Synopsis : Halla, la cinquantaine, déclare la guerre à l’industrie locale de l’aluminium, qui défigure son pays. Elle prend tous les risques pour protéger les Hautes Terres d’Islande… Mais la situation pourrait changer avec l’arrivée inattendue d’une petite orpheline dans sa vie…

J'ai beaucoup hésité à aller voir ce film car la bande-annonce que j'ai vu deux fois me paraissait assommante et guère attirante. Parfois les bandes annonces trop explicites donnent l'impression d'avoir vu le film en deux minutes trente, d'autres fois, trop de mystères tue le mystère. Mais je craignais de passer à côté d'une pépite puisqu'il avait électrisé la Croisette.

J'ai donc été partiellement emballée mais aussi partiellement déçue. Le personnage d'Halla est tout à fait surprenant. Elle se bat seule contre des géants mais elle est tellement à la fois futée et insignifiante qu'il est bien difficile de retrouver sa piste. Elle vit seule dans un joli appartement et est une chef de choeur souriante et appréciée. Mais c'est surtout une écolo acharnée qui étreint la terre, les arbres et se ressource au contacte de la nature… Armée de son arbalète elle détruit les câbles électriques, les lignes à haute tension qui parcourent la campagne, détruisent le monde et le paysage et plus tard, son action se révélant inefficace, elle fait sauter les pylônes. Son action est relayée par toutes les chaînes de télé mondiales et rend fou le gouvernement islandais. Parallèlement à ses actes terroristes, Halla continue sa petite vie plus ou moins tranquille de façon relativement décontractée.

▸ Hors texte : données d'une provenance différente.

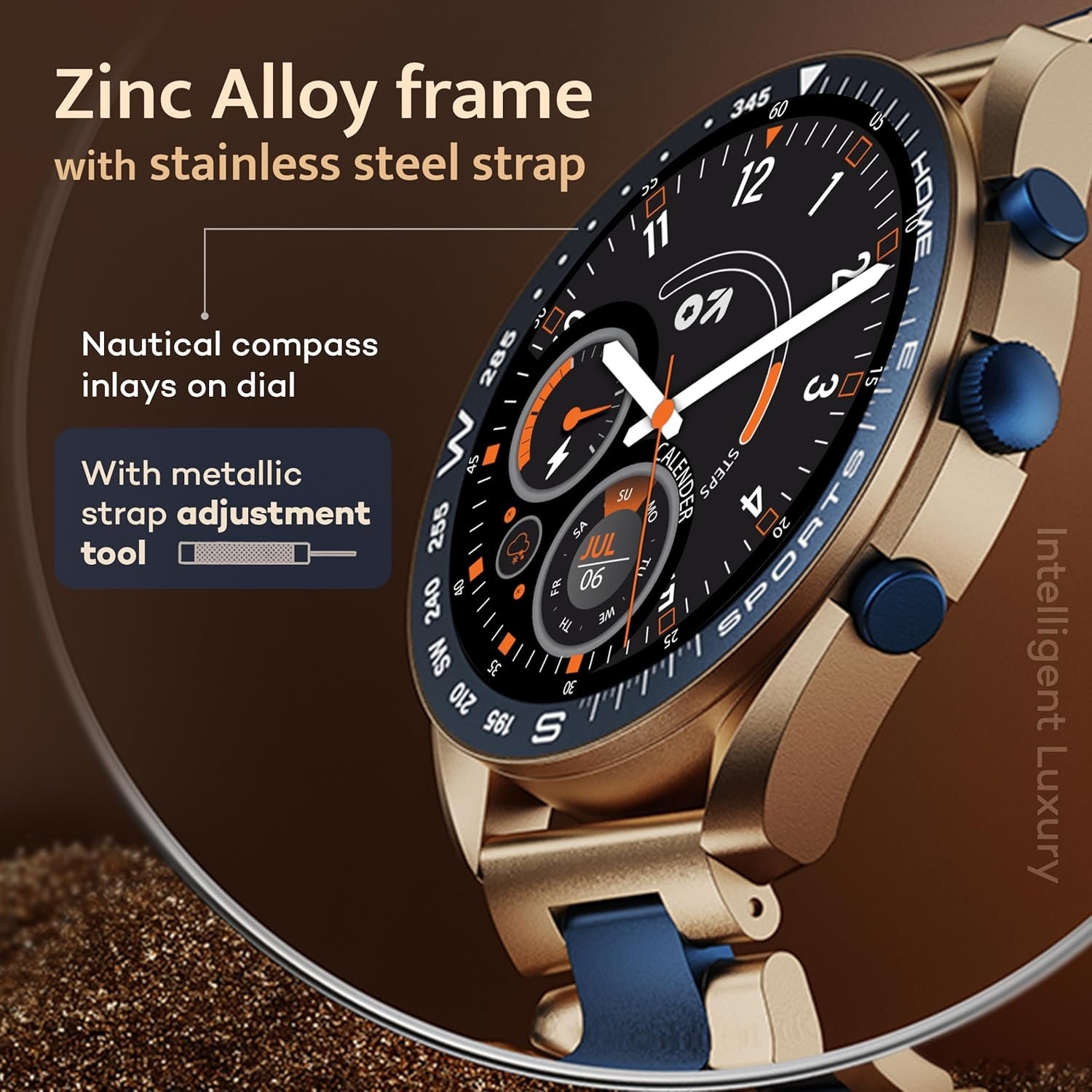 GOBOULT Mirage Smart Watch 1.39”HD Screen, Bluetooth Calling, IP67, Zinc Alloy Frame, 500 Nits Brightness, AI Voice Assistant, SpO2 Monitoring, 120+ Sports Mode (Amber Blue)
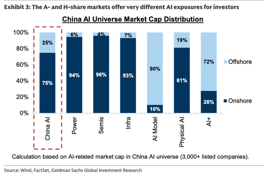 15、中国A股与H股市场为人工智能投资提供了高度互补的敞口。A股市场主导了AI基础设施层面,半导体、电力及基础设施领域有超过93%的市值在A股,具备物理形态的实体AI占比也达到81%。与之相对,H股市场则聚焦于应用端,AI模型与AI+领域的市值分别有90%和72%集中于此。这一结构分野使得A股和H股在AI主题投资中具备不同的价值定位。
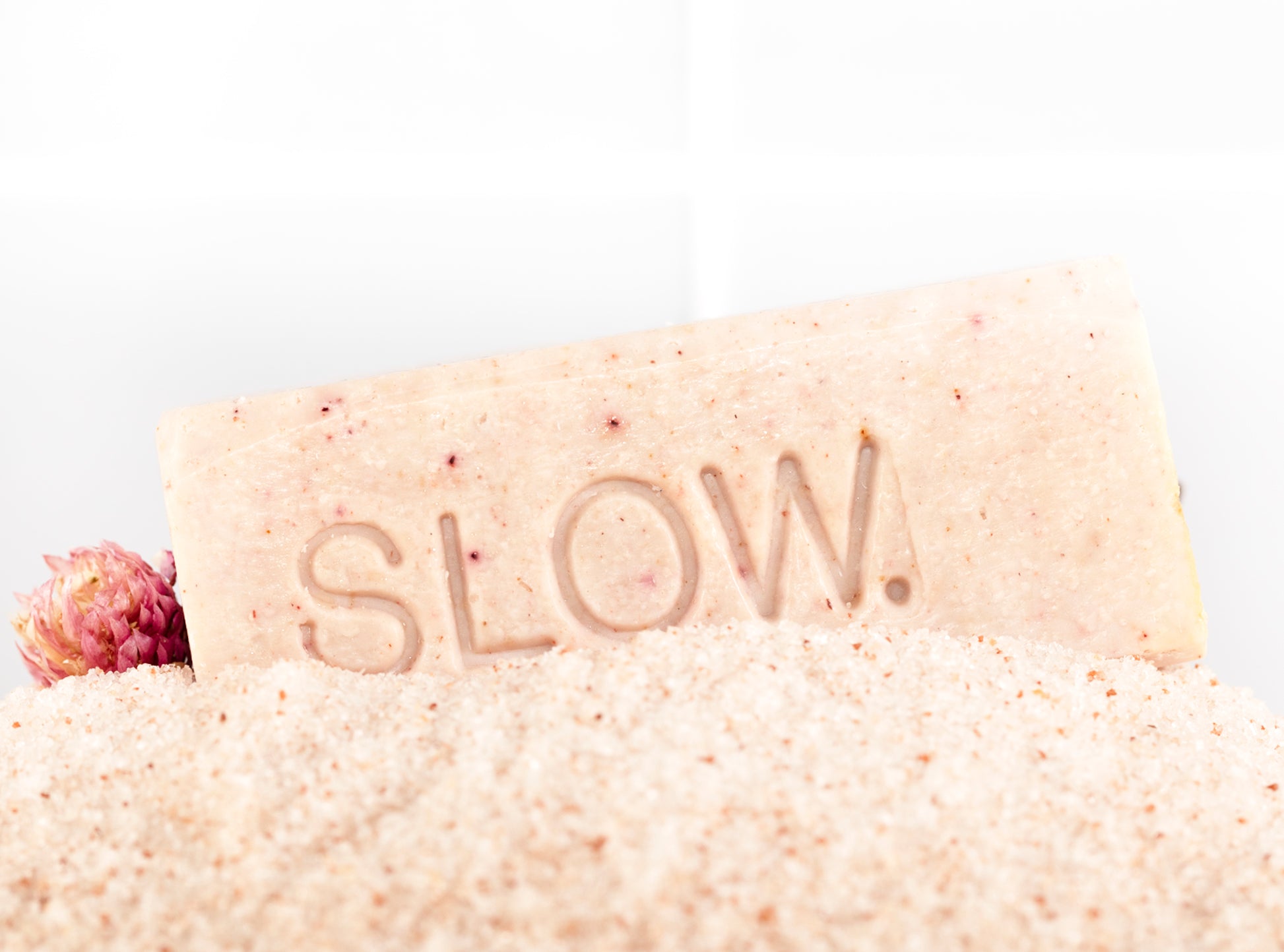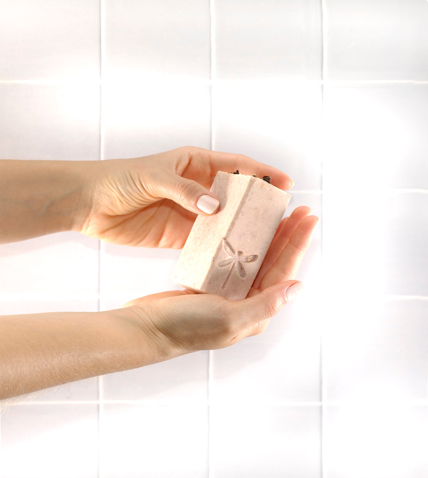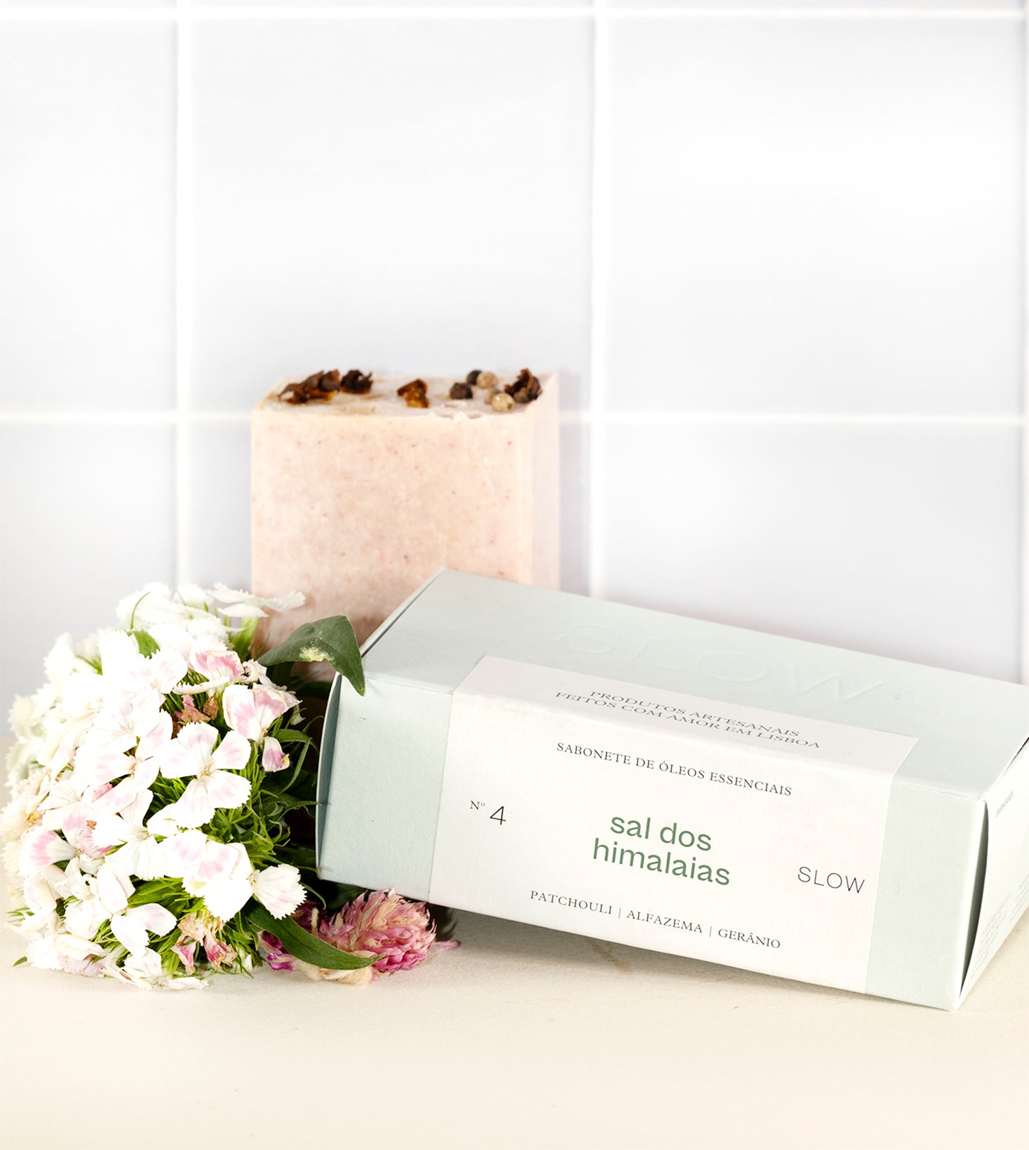 A adição de sal rosa dos Himalaias vem conferir a este sabonete, uma acção levemente esfoliante.

Un évènement inattendu surgit en plein milieu de son quotidien parfois mouvementé. Sans nouvelles d'une demande d'adoption qu'elle a faite quatre ans plus tôt, elle devait y avoir renoncé mais une lettre lui annonce qu'une petite fille de quatre ans l'attend en Ukraine. Le tumulte de la vie d'Halla s'en trouve évidemment amplifié. Elle ne peut renoncer à ce bonheur qu'elle espère depuis si longtemps.

Ajoutons à cela une sœur qui lui ressemble comme une goutte d'eau, un cousin présumé, un chœur de chanteuses balkaniques ou ukrainiennes et un orchestre (excellent) qui la suit dans toutes ses mésaventures et se trouve dans tous les endroits et situations les plus inattendus. En outre les paysages aux tons doux et gris sont de ceux que l'on ne voit pas tous les jours.

Vous l'avez compris on est dans la loufoquerie la plus totale mais malgré toutes ces bonnes choses inédites, j'ai vite été lassée par le procédé un peu systématique.

Le film reprend de l'énergie et de l'intérêt dans la dernière demi-heure où l'héroïne doit réagir à une traque relativement mouvementée.

Il est surtout l'occasion de croiser la route d'une femme des montagnes étonnante mais aussi d'une actrice époustouflante, audacieuse, athlétique, vaillante avec un air de ne pas y toucher.

Commentaires

  • Celui-là j'ai vraiment envie d'aller le voir. La loufoquerie des Islandais me convient bien en général.

  • Un film enthousiasmant par bien des aspects et surtout par son rapport organique à la terre (via la mousse).